▶ [The problem] Would you restate every entry below word for word? Leave out the pictures.

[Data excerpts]

____

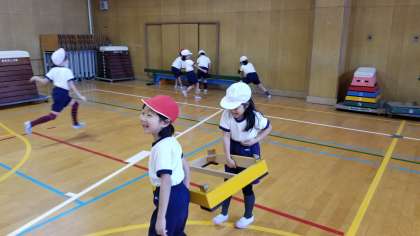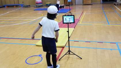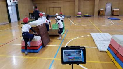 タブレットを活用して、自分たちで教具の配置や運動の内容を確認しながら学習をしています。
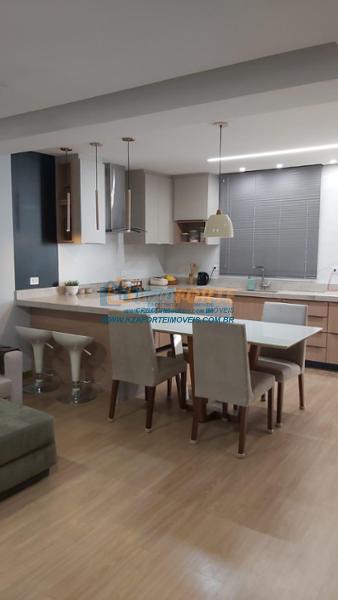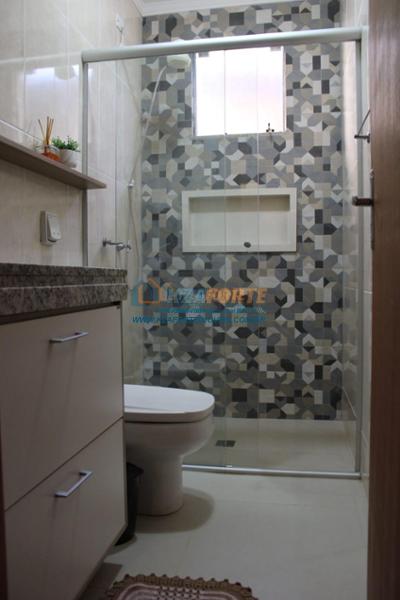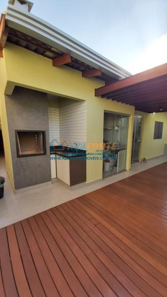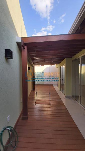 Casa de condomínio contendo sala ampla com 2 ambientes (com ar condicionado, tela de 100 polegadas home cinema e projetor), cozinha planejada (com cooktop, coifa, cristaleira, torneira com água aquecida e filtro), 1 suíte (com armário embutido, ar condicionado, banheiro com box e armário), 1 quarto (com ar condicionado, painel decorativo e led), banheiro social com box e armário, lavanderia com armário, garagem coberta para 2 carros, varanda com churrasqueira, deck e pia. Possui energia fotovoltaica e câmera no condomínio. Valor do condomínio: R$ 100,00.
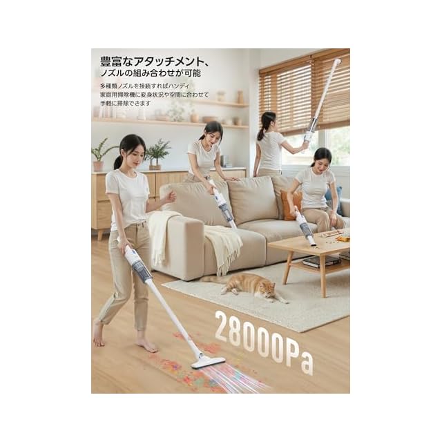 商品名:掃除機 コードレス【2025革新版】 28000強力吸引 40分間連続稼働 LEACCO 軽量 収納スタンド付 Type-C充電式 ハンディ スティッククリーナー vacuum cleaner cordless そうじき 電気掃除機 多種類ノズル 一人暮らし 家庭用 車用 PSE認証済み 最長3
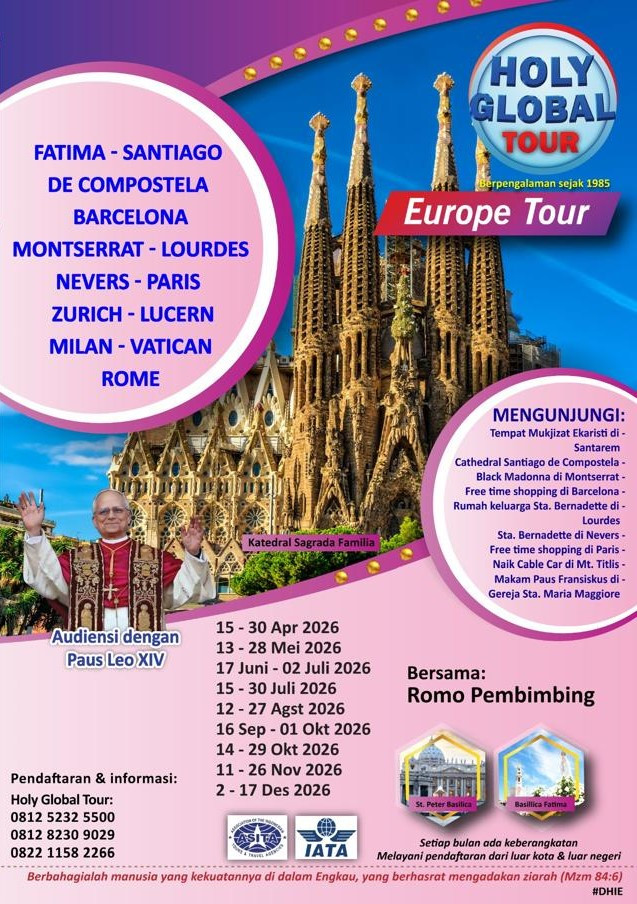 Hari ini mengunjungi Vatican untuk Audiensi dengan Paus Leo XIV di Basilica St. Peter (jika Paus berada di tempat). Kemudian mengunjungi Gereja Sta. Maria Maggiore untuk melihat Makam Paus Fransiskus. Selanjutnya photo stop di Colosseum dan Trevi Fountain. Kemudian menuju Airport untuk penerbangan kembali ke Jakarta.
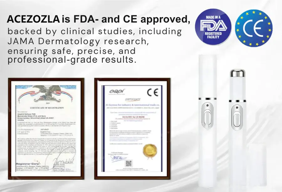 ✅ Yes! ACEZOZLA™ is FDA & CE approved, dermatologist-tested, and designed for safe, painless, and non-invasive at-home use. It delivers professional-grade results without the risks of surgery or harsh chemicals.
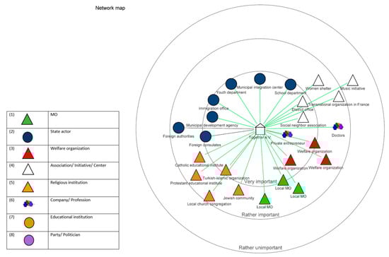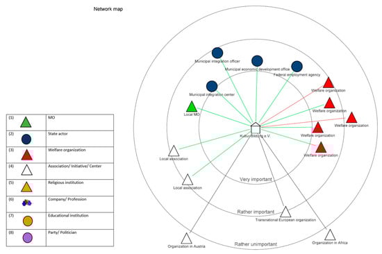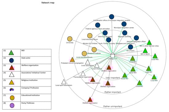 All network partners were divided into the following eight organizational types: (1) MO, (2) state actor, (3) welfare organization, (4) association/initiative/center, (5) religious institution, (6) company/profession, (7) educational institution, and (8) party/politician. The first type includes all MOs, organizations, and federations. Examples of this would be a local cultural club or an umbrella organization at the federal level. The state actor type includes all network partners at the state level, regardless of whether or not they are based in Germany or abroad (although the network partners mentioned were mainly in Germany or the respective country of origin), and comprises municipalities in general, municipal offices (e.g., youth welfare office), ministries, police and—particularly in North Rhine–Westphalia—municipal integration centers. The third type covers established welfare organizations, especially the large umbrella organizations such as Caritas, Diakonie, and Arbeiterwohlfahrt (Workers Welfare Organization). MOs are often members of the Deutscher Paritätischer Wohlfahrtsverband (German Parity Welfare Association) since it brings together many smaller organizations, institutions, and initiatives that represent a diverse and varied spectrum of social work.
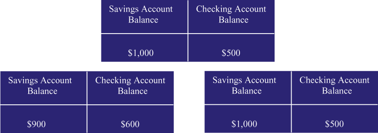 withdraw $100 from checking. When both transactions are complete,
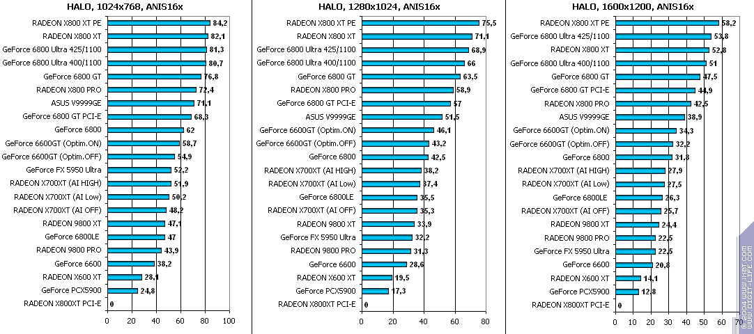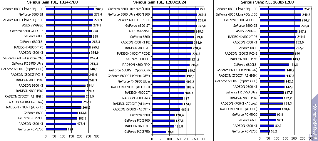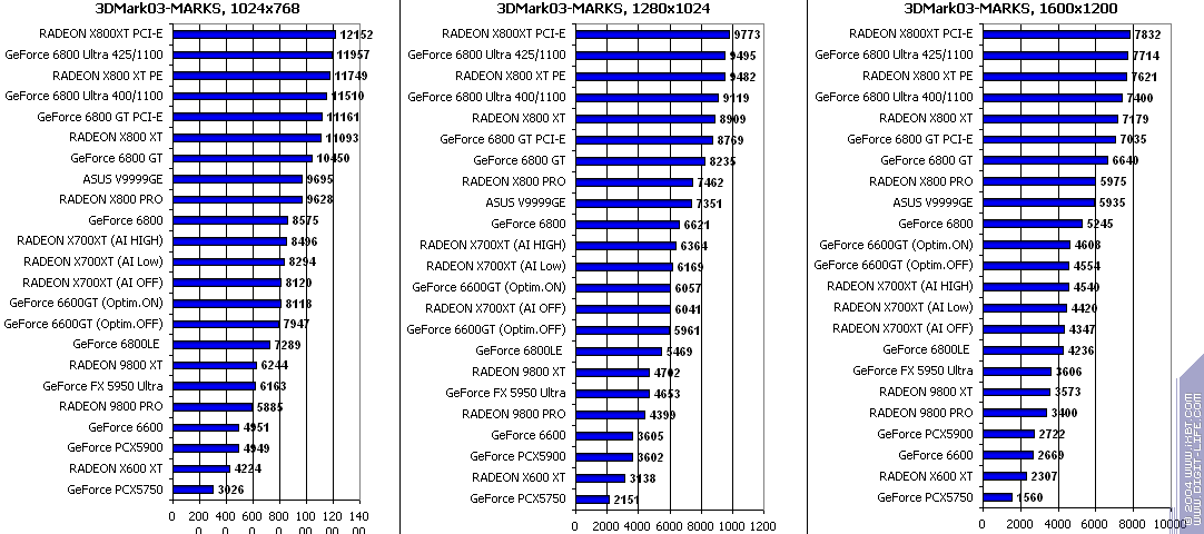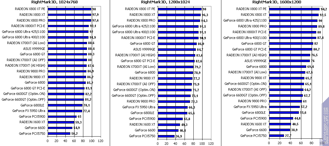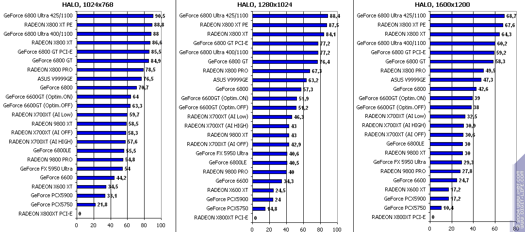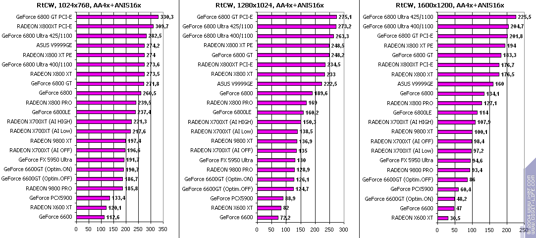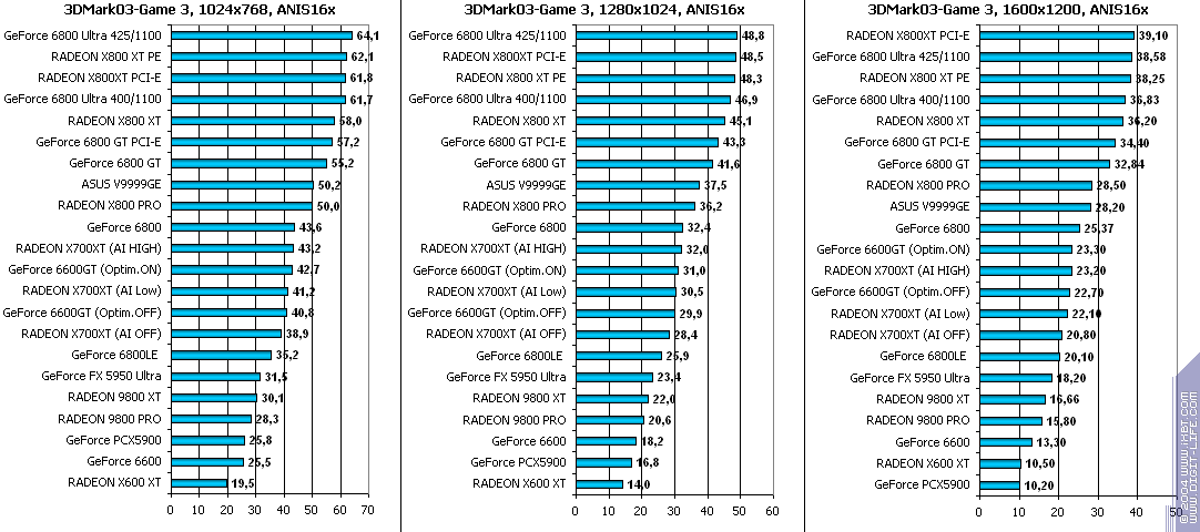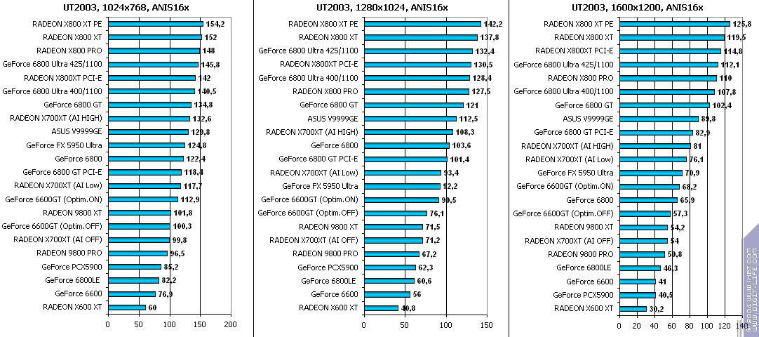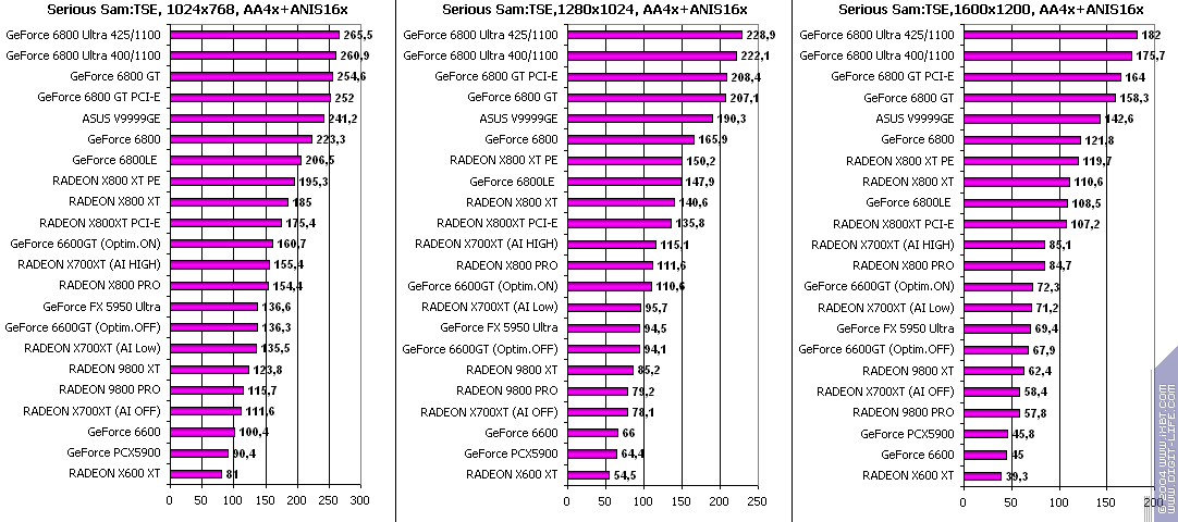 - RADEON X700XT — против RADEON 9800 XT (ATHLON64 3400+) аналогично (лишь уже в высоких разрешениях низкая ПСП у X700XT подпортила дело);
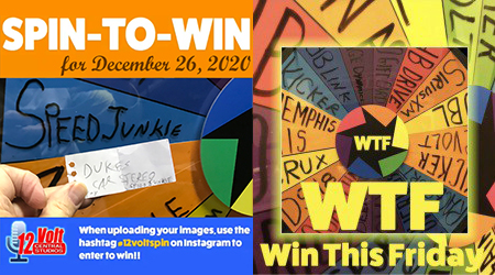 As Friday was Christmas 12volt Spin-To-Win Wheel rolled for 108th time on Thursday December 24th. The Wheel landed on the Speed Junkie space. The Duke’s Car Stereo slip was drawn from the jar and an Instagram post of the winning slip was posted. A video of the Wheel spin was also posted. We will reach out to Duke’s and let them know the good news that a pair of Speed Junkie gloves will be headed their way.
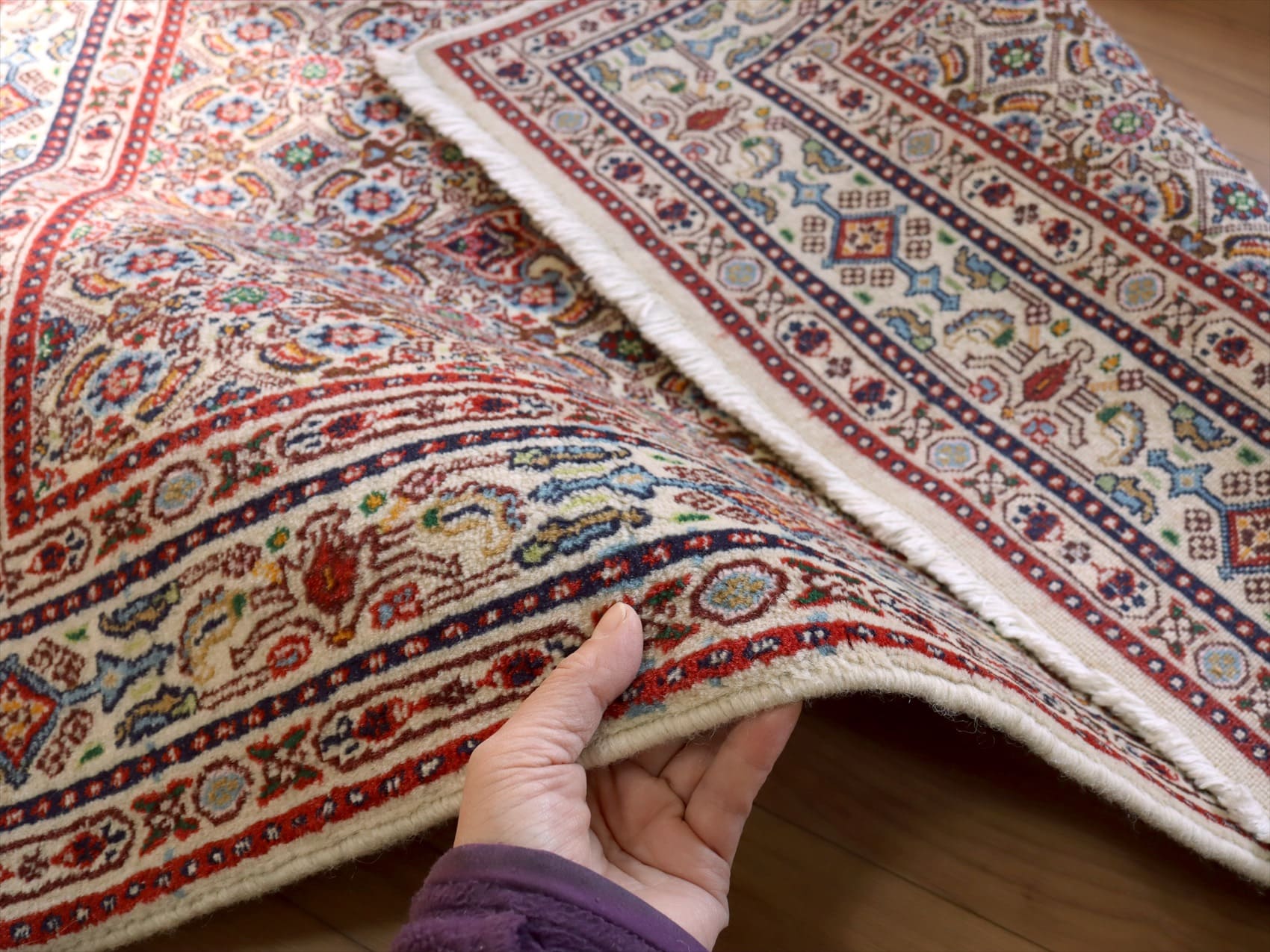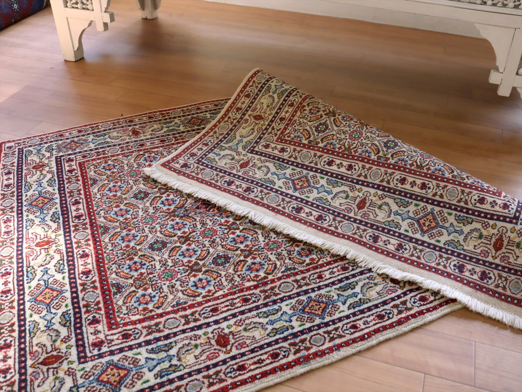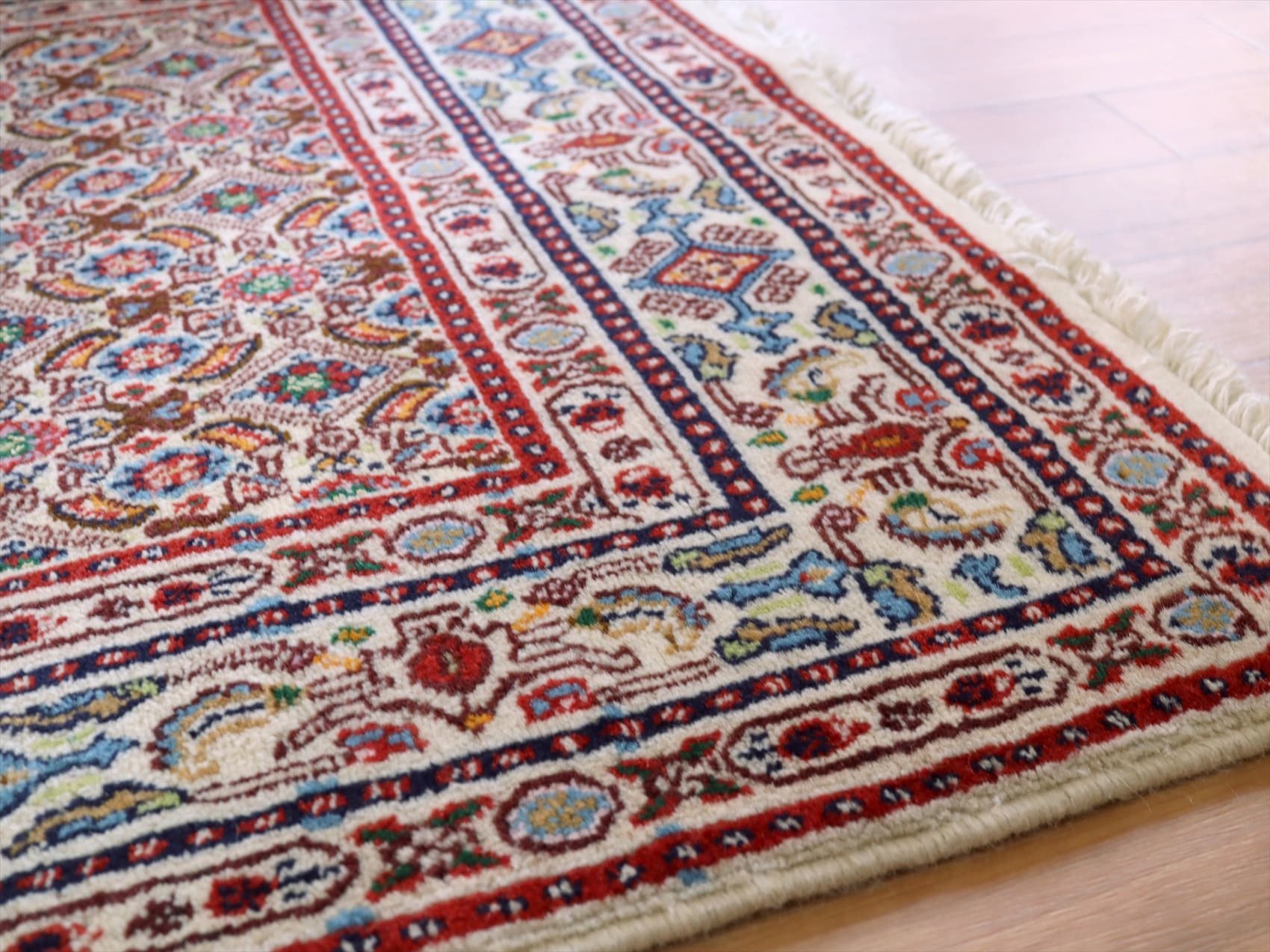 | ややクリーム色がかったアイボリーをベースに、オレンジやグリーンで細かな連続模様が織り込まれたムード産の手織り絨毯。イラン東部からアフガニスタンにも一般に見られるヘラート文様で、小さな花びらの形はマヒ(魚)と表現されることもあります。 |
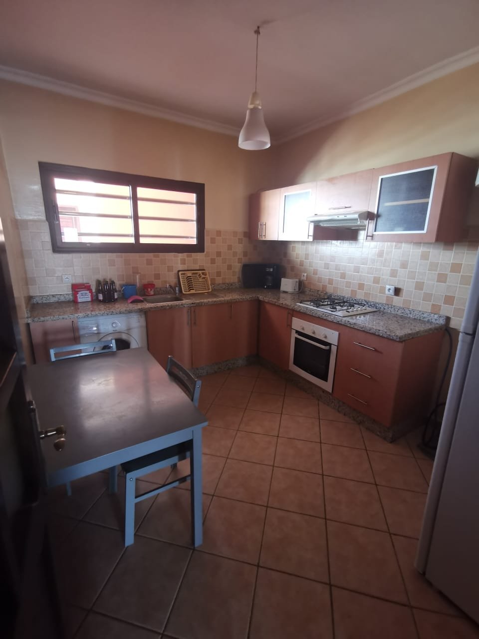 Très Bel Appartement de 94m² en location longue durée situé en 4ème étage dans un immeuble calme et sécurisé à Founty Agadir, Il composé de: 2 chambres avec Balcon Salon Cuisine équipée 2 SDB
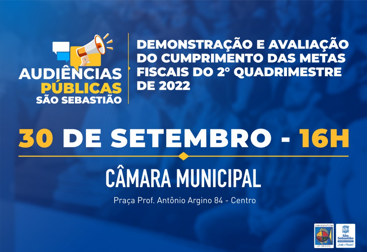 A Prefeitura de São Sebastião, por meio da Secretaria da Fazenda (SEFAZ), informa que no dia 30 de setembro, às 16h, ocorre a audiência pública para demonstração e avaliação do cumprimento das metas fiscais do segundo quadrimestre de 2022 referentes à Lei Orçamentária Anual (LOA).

____

▶ [Exercise output]
 タブレットを活用して、自分たちで教具の配置や運動の内容を確認しながら学習をしています。
 Casa de condomínio contendo sala ampla com 2 ambientes (com ar condicionado, tela de 100 polegadas home cinema e projetor), cozinha planejada (com cooktop, coifa, cristaleira, torneira com água aquecida e filtro), 1 suíte (com armário embutido, ar condicionado, banheiro com box e armário), 1 quarto (com ar condicionado, painel decorativo e led), banheiro social com box e armário, lavanderia com armário, garagem coberta para 2 carros, varanda com churrasqueira, deck e pia. Possui energia fotovoltaica e câmera no condomínio. Valor do condomínio: R$ 100,00.
 商品名:掃除機 コードレス【2025革新版】 28000強力吸引 40分間連続稼働 LEACCO 軽量 収納スタンド付 Type-C充電式 ハンディ スティッククリーナー vacuum cleaner cordless そうじき 電気掃除機 多種類ノズル 一人暮らし 家庭用 車用 PSE認証済み 最長3
 Hari ini mengunjungi Vatican untuk Audiensi dengan Paus Leo XIV di Basilica St. Peter (jika Paus berada di tempat). Kemudian mengunjungi Gereja Sta. Maria Maggiore untuk melihat Makam Paus Fransiskus. Selanjutnya photo stop di Colosseum dan Trevi Fountain. Kemudian menuju Airport untuk penerbangan kembali ke Jakarta.
 ✅ Yes! ACEZOZLA™ is FDA & CE approved, dermatologist-tested, and designed for safe, painless, and non-invasive at-home use. It delivers professional-grade results without the risks of surgery or harsh chemicals.
 All network partners were divided into the following eight organizational types: (1) MO, (2) state actor, (3) welfare organization, (4) association/initiative/center, (5) religious institution, (6) company/profession, (7) educational institution, and (8) party/politician. The first type includes all MOs, organizations, and federations. Examples of this would be a local cultural club or an umbrella organization at the federal level. The state actor type includes all network partners at the state level, regardless of whether or not they are based in Germany or abroad (although the network partners mentioned were mainly in Germany or the respective country of origin), and comprises municipalities in general, municipal offices (e.g., youth welfare office), ministries, police and—particularly in North Rhine–Westphalia—municipal integration centers. The third type covers established welfare organizations, especially the large umbrella organizations such as Caritas, Diakonie, and Arbeiterwohlfahrt (Workers Welfare Organization). MOs are often members of the Deutscher Paritätischer Wohlfahrtsverband (German Parity Welfare Association) since it brings together many smaller organizations, institutions, and initiatives that represent a diverse and varied spectrum of social work.
 withdraw $100 from checking. When both transactions are complete,
 - RADEON X700XT — против RADEON 9800 XT (ATHLON64 3400+) аналогично (лишь уже в высоких разрешениях низкая ПСП у X700XT подпортила дело);
 As Friday was Christmas 12volt Spin-To-Win Wheel rolled for 108th time on Thursday December 24th. The Wheel landed on the Speed Junkie space. The Duke’s Car Stereo slip was drawn from the jar and an Instagram post of the winning slip was posted. A video of the Wheel spin was also posted. We will reach out to Duke’s and let them know the good news that a pair of Speed Junkie gloves will be headed their way.
 | ややクリーム色がかったアイボリーをベースに、オレンジやグリーンで細かな連続模様が織り込まれたムード産の手織り絨毯。イラン東部からアフガニスタンにも一般に見られるヘラート文様で、小さな花びらの形はマヒ(魚)と表現されることもあります。 |
 Très Bel Appartement de 94m² en location longue durée situé en 4ème étage dans un immeuble calme et sécurisé à Founty Agadir, Il composé de: 2 chambres avec Balcon Salon Cuisine équipée 2 SDB
 A Prefeitura de São Sebastião, por meio da Secretaria da Fazenda (SEFAZ), informa que no dia 30 de setembro, às 16h, ocorre a audiência pública para demonstração e avaliação do cumprimento das metas fiscais do segundo quadrimestre de 2022 referentes à Lei Orçamentária Anual (LOA).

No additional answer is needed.